高精度なストリーミング音声認識のためには認識したい部分に加え数フレーム先の音響特徴を入力に入れることが有効とされているそうですが、未来の情報を使うため必然的に出力に遅延が発生してしまいます。その遅延を緩和させるための工夫が紹介されていました。
発表では音声対話システムとして柔軟な対話応対を実現するためには認識精度もさることながら大意を素早く読み取ることも重要だというお話もされており(記憶違いであればすみません)、弊社の電話応対サービスが抱える課題と非常にモチベーションが近い研究だと感じました。弊社のサービスでも認識精度と応答速度のトレードオフが課題になっており、今後参考にさせていただきたければと思います。
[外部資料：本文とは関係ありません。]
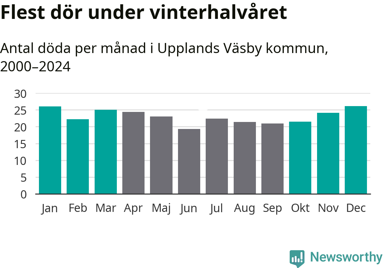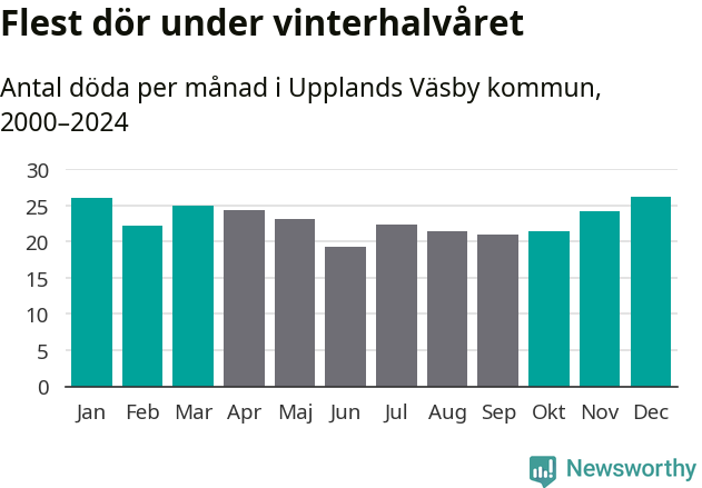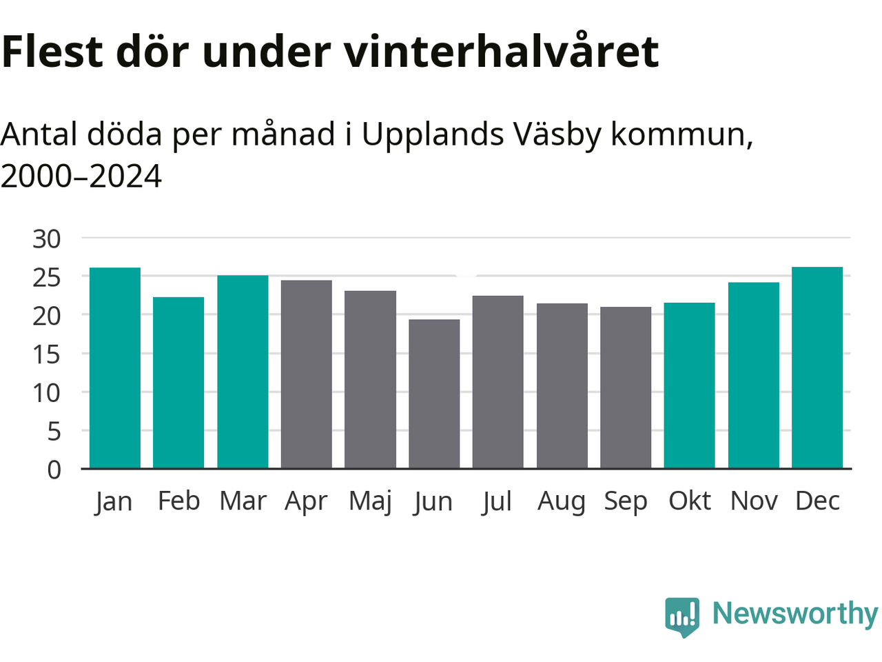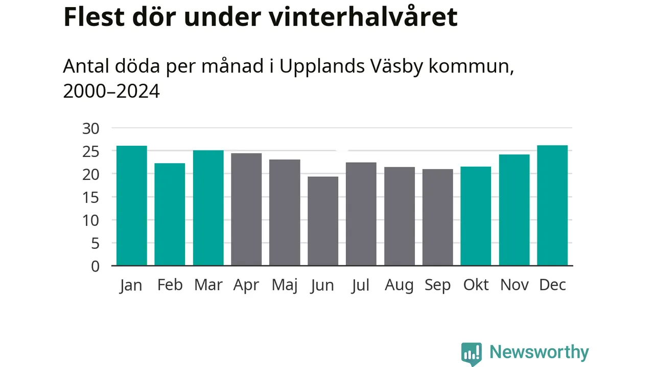 Så är det även i Upplands Väsby. Under de senaste 25 åren har 3 651 personer dött i kommunen under vinterhalvåret, jämfört med 3 177 personer under sommarhalvåret – alltså 15 procent fler.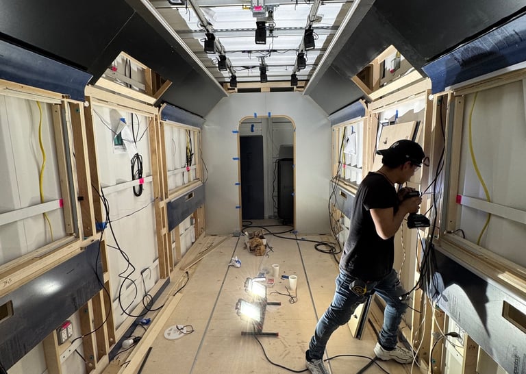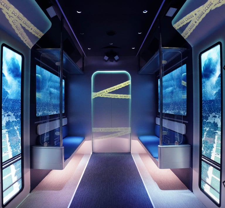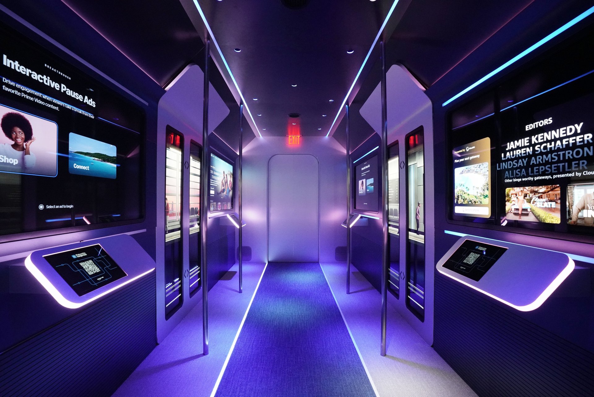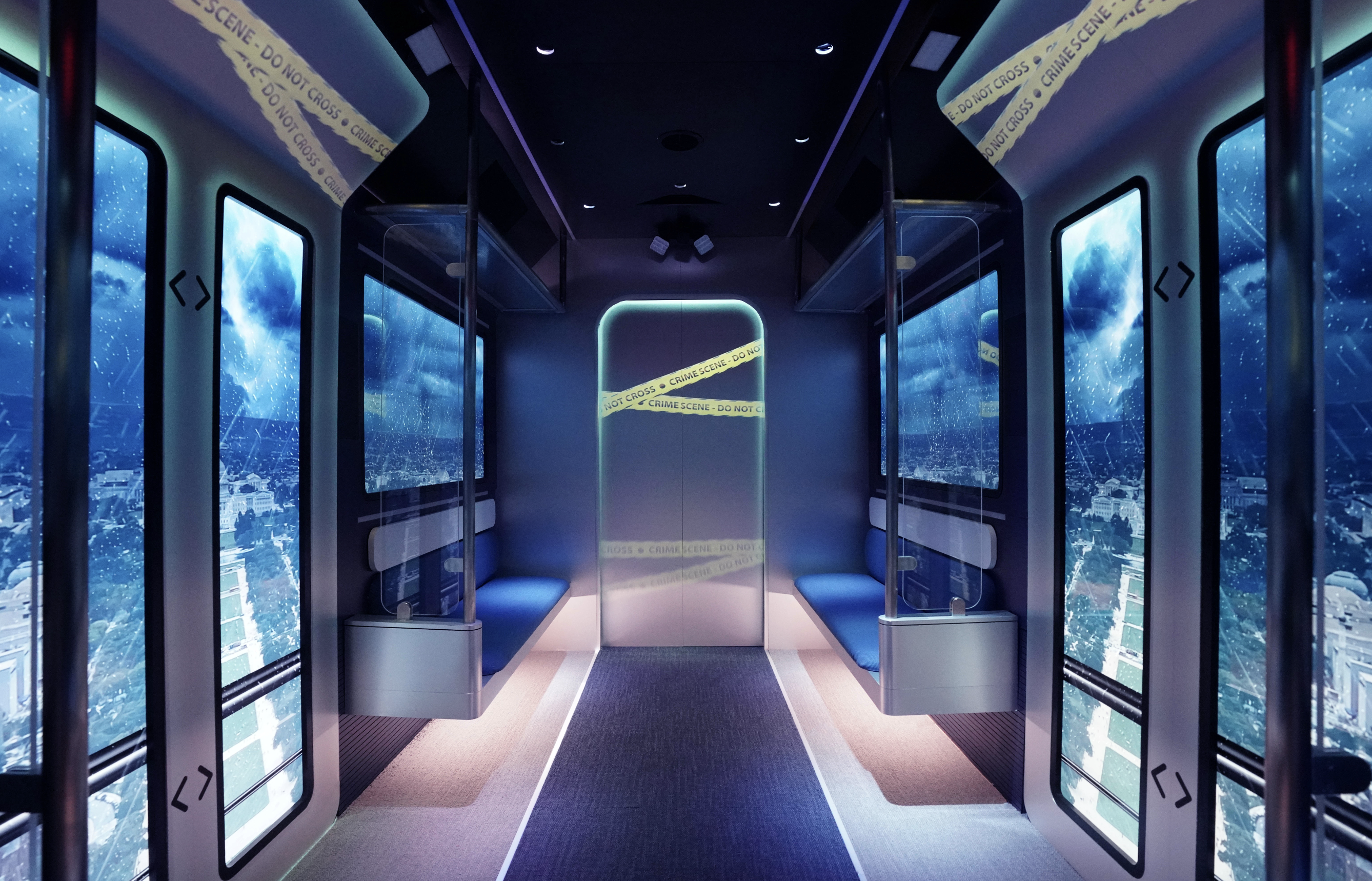 Every inch of the container was carefully designed to capture the authentic feel of a train. Angled ceilings, handrails, and bench seating created a true transit environment, while strategically placed LED lighting synced with the on-screen content. As visuals shifted, lights pulsed and seats vibrated, giving visitors the sensation of movement and pulling them deeper into the story.

[2-9-6] End-to-End 音声要約のための転移学習に基づく外部言語モデルの活用
◎松浦 孝平,芦原 孝典,森谷 崇史,田中 智大,叶 高朋,小川 厚徳,デルクロア マーク(NTT)
こちらは英語を対象にしたEnd-to-End音声要約についての研究です。
近年音声認識結果のテキストを要約モデルにかけるCascade型のシステムとは別にEnd-to-End型のモデルが提案されており、音声認識時の認識誤りの影響の低減が期待できます。この研究では音声要約モデルの初期値に外部言語モデルを効果的に利用する手法を提案しており、非常に参考になりました。先日プレスリリースのあったAI Messenger Summaryでもオペレーターの有人対応要約というタスクに取り組んでおり、こちらの分野は引き続き注視していきたいと思います。
[2-Q-6] Neural Transducerを用いた目的話者音声認識システムの検討
〇森谷 崇史,佐藤 宏,落合 翼,デルクロア マーク(NTT)
こちらは複数話者が混合した音声から目的話者の音声のみを認識するという研究です。
このようなタスクの場合目的話者の音声を抽出するモデルを前段に挟んで音声認識を行う構成が主流ですが、計算量の増加とシステム全体の遅延が問題となります。この研究ではRNN-TransducerのEncoderに目的話者の音声を強調するような埋め込み表現を掛け合わせることで推論速度を落とさずにCascade型のシステムと同程度の認識精度を達成しています。
弊社の電話応対サービスでは頻発する問題ではありませんが、メインの話者以外の音声(テレビ番組の音声など)が入り込むとユーザ側の音声の終端(話し終わり)予測が難しくなることはこちらでも確認しており、今後の参考にさせていただきたいと思いました。
おわりに
前回参加した2023年3月の音響学会に引き続き、持ち帰るものが多い発表会になりました。また、懇親会や休憩時間での研究者との交流や議論など、サーベイでは得られないような生の情報を得られるのはオフラインの学会ならではの良さだと改めて感じました。
このような貴重な機会を作ってくださった運営や参加者の皆様に感謝いたします。今後も継続的に発表や参加をしていければと思います。
最後までお読みいただきありがとうございました。